Since the Fibonacci sequence generator was implemented in Python, some of the top questions on StackOverflow have to do with the most efficient and “Pythonic” implementation of a particular algorithm. In this article, we’ll look at a popular operation: reversing a list.

In a previous blog post we leveraged Percepio’s Tracealyzer to gain insight in the performance of two different implementations of the same algorithm. Specifically, we determined that it was more performant to implement an algorithm to generate the Fibonacci sequence using an iterative function rather than a recursive function. We didn’t need to generate a substantial number of entries in the sequence and measure time to identify the performance difference; instead, we were able to use Tracealyzer to give us deep insight into the performance of the implementations while generating only ten entries in the sequence.

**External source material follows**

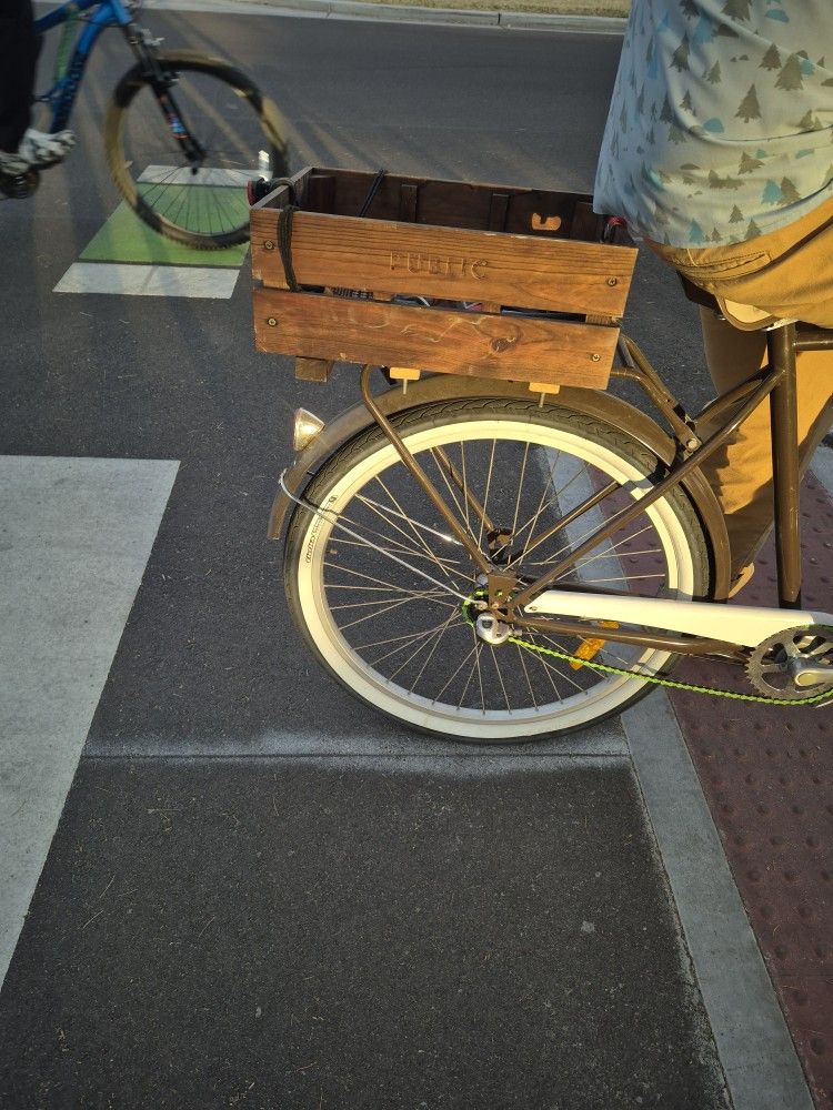 Shoe polish brown. Almost edible. I make them fit custom to ur bike. Install $25. With or without spaces between the panels. Great 4 coffees, farmers market, 6 pack , bike lock or just ur junk in the trunk. Price does not include bike rack = typically $45. Pls check out my numerous beautiful bikes, also can be customized, by clicking my profile.

Since the Fibonacci sequence generator was implemented in Python, let’s expand on this further. Some of the top questions on StackOverflow have to do with the most efficient and “Pythonic” implementation of a particular algorithm. In this article, we’ll look at a popular operation: reversing a list.

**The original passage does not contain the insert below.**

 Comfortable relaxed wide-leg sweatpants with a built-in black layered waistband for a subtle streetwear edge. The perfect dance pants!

According to the following question on StackOverflow, there is some debate about the performance of one implementation over another when reversing a list. To gain insight ourselves as to the difference, we can implement both techniques in a simple application as shown in the listing below; we also include the necessary source code to capture the markers required for Tracealyzer to evaluate the performance of each implementation:

 

import lttngust

import logging

 

def example():

    list_basis = list(range(10))

    logging.basicConfig()

    logger = logging.getLogger('my-logger')

    logger.info('Start')

    reverse_list = reversed(list_basis)

    logger.info('Stop')

    logger.info('Start')

    reverse_list = list_basis[::-1]

    logger.info('Stop')

 

if __name__ == '__main__':

    example()

 

We’ve created a list of 10 elements and used the built-in “reversed” function along with a technique called “slicing” in Python to reverse the list. Slicing simply takes certain elements of a list and returns them to a new list; in our case, we’re slicing the entire list but traversing backwards.

As in the previous blog post, we can create an LTTng session, run our Python script, open the resulting trace in Tracealyzer, and evaluate the results:

We can see that the implementation using the reversed function takes approximately 475 microseconds and the implementation that uses slicing takes approximately 360 microseconds.

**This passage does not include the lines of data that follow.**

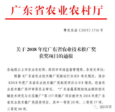 我司作為華南農(nóng)業(yè)大學(xué)合作單位之一,參與“修復(fù)農(nóng)田土壤污染的能源作物品種篩選及其配套技術(shù)應(yīng)用項(xiàng)目”取得了良好的綜合效益,根據(jù)《廣東省農(nóng)業(yè)技術(shù)推廣獎(jiǎng)勵(lì)試行辦法》有關(guān)規(guī)定,經(jīng)省農(nóng)業(yè)技術(shù)推廣獎(jiǎng)評審委員會(huì)審定,該項(xiàng)目獲得2018年度廣東省農(nóng)業(yè)技術(shù)推廣二等獎(jiǎng)(粵農(nóng)農(nóng)函〔2019〕1716 號)。
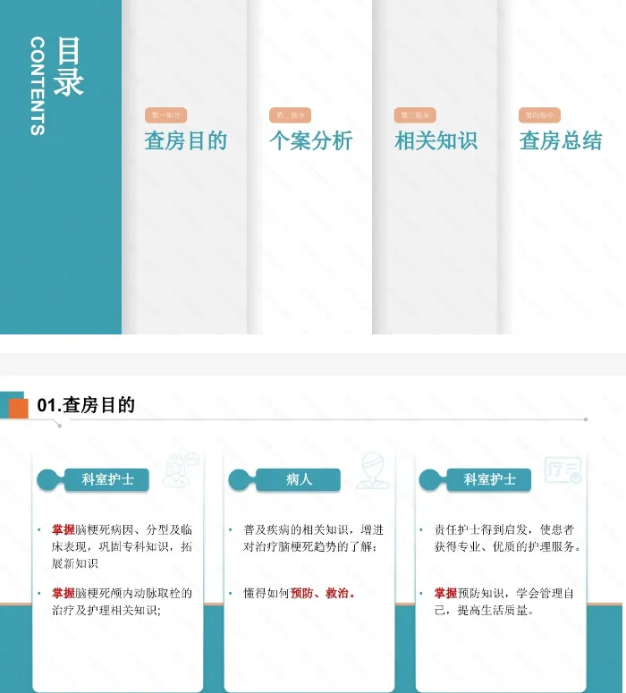 掌握脑梗死的病因、分型及临床表现,巩固专科知识;
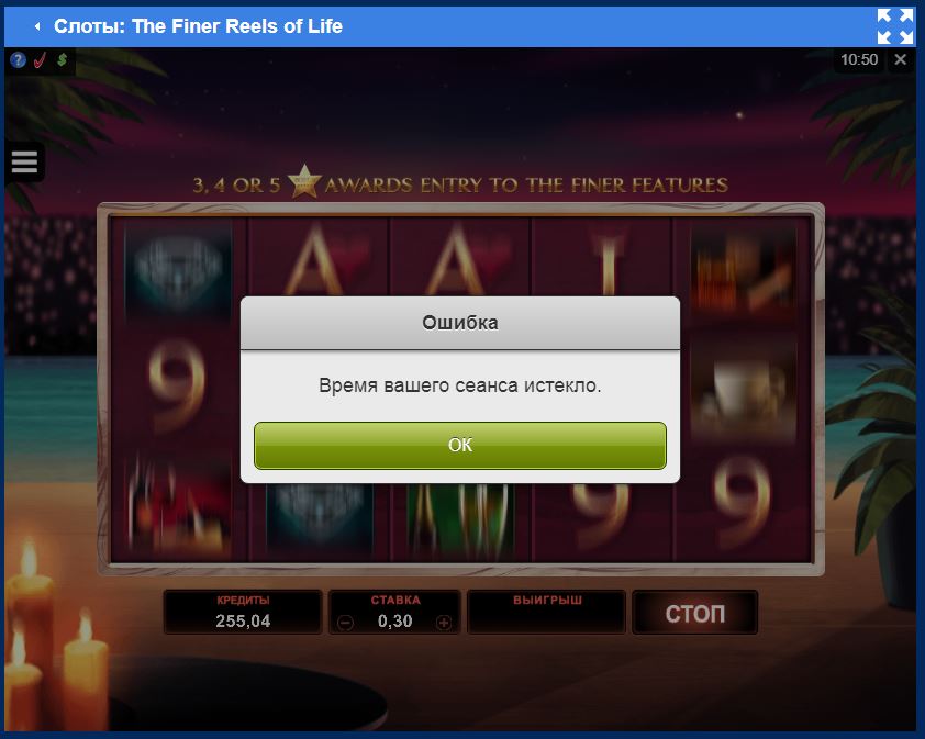После того как вывели выигрыш, депнул еше 250ру… И пошел «гудет» по слотам, первый попался слот «The Finer Reels of Life» и пошла жара… Сыграл по «мизеру» минут 15 немного поднялся, а потом ОПС… Выдало ошибку типа слоты не крутил, а тупо пошел… «покурить») Тогда вышел из этого слота а черем пару минут выжу чел затянул 40К на этом же слоте😎

Let’s see what happens when we increase the number of elements in the initial list by 10x, resulting in a list consisting of 100 elements:

 

import lttngust

import logging

 

def example():

    list_basis = list(range(100))

    logging.basicConfig()

    logger = logging.getLogger('my-logger')

    logger.info('Start')

    reverse_list = reversed(list_basis)

    logger.info('Stop')

    logger.info('Start')

    reverse_list = list_basis[::-1]

    logger.info('Stop')

 

if __name__ == '__main__':

    example()

 

Again, we re-run the necessary steps to create an LTTng session, run our application, and open the resulting traces in Tracealyzer, which shows us the following graph:

Although we see the same pattern as before, where the slicing technique performs better than the reversed function, we can see that the absolute time of both mechanisms has nearly halved when compared to the results with only 10 elements. This is interesting, since we expected that the amount of time taken for both techniques should be less in the case of 10 elements when compared to the case of 100 elements. Let’s collect more data by first updating the Python script to allow us to collect more data in an automated fashion:

 

import lttngust

import logging

import sys

 

def example(list_size):

            list_basis = list(range(list_size))

            logging.basicConfig()

            logger = logging.getLogger("my-logger")

            logger.info("Start")

            reverse_list = reversed(list_basis)

            logger.info("Stop")

            logger.info("Start")

            reverse_list = list_basis[::-1]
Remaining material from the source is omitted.